Халназар тяжело вздохнул. Покги Вала подбодрил его:

- Ай, молодец!

- Господин полковник! - продолжал Халназар. - Ваши верные подданные выполнят повеление царя. Но я хочу напомнить: наш народ - бедный, темный народ, никаких стран, кроме своей, он не видел и никакого рабочего дела не знает. Он умеет лишь пахать землю и пасти скот. Если сейчас собрать людей и повезти на работы, от них не будет никакой пользы, наоборот - они будут путами...

В тот момент полковник, которому толмач слово в слово переводил речь Халназара, прервал его:

- Господин бай, в своих высочайших повелениях государь император не погрешим. Ему все известно лучше, чем мне и тебе. Туркменских джигитов он считал самыми отважными. А ты, господин бай, умаляешь достоинства своего народа. Ваши доблестные джигиты... Впрочем, сейчас дело даже не в этом. От вас требуют не солдат для фронта, а рабочих для тыловых работ.

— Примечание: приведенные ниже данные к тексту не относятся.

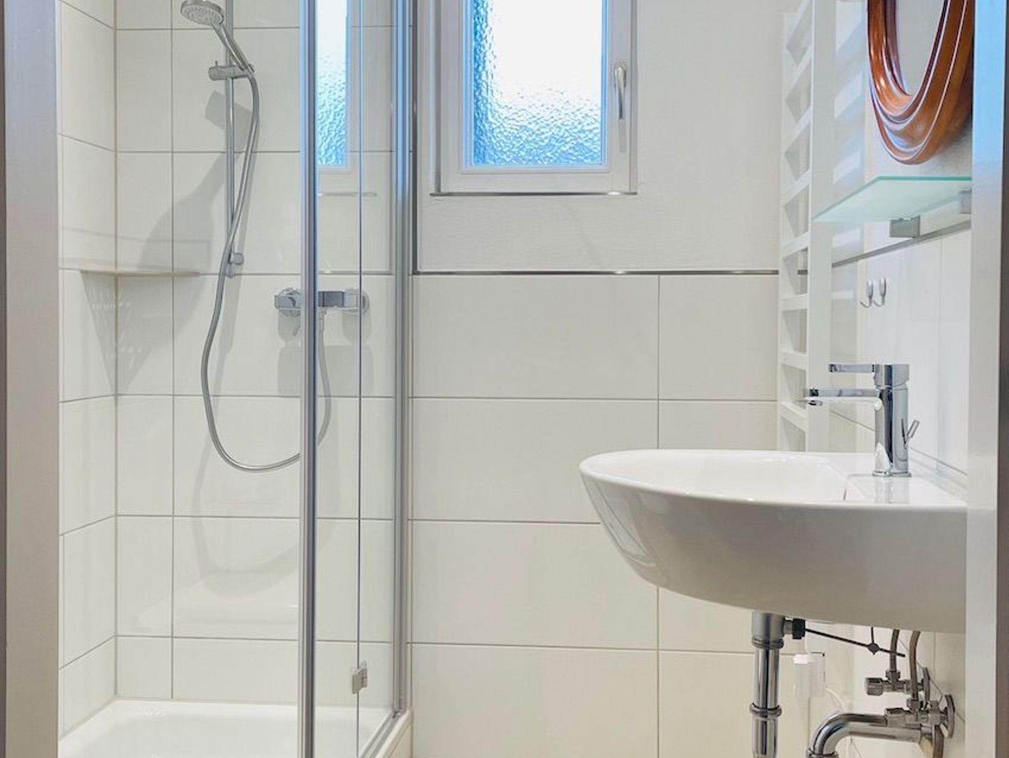 Die Küche ist voll ausgestattet mit Ceranherd, Backofen, Kaffeemaschine, Wasserkocher, Kühlschrank, Elektrogrill und weiteren Geräten. Das frisch renovierte Duschbad wird durch ein separates Gäste-WC ergänzt, in den Schlafzimmern befinden sich zusätzliche Waschbecken.

Этими словами полковник хотел подсказать Халназару нужный ответ. И Халназар понял это, но его было не так-то легко сбить с толку. Делая вид, что он во всем согласен с полковником, он продолжал:

- Вот об этом я и хотел сказать, господин полковник, - подхватил он с притворным простодушием. - Послать туркмена на черную работу - значит втоптать в грязь доброе имя джигита. Выполнить работу, которая от них требуется, наши люди не сумеют, и это позором ляжет на наши головы. Но если собрать добровольцев, обучить их и послать на войну, они прославят имя джигита и белого царя. Поэтому наша просьба такая, господин полковник: пусть от нас возьмут сколько надо людей, но пусть это будут добровольцы-джигиты. Если народ будет освобожден от набора, он сможет дать больше хлеба для доблестных войск царя. Мы просим...

Речь Халназара докончил старшина со шрамом:

- Пусть возьмут от нас все до последнего ягненка, но не трогают наши души!

Полковник терпеливо и снисходительно слушал Халназар-бая, но слова старшины со шрамом ему не понравились. Халназару он ответил мягко:

- Халназар-бай, у тебя умные слова. Может быть, некоторые из них я приму во внимание. Но... повеление государя императора - нерушимый закон. Его величество повелел взять людей. И пусть хоть весь мир перевернется, он своего указа назад не возьмет! Поэтому лучше не мечитесь понапрасну, не мучайте себя, а повинуйтесь царскому указу!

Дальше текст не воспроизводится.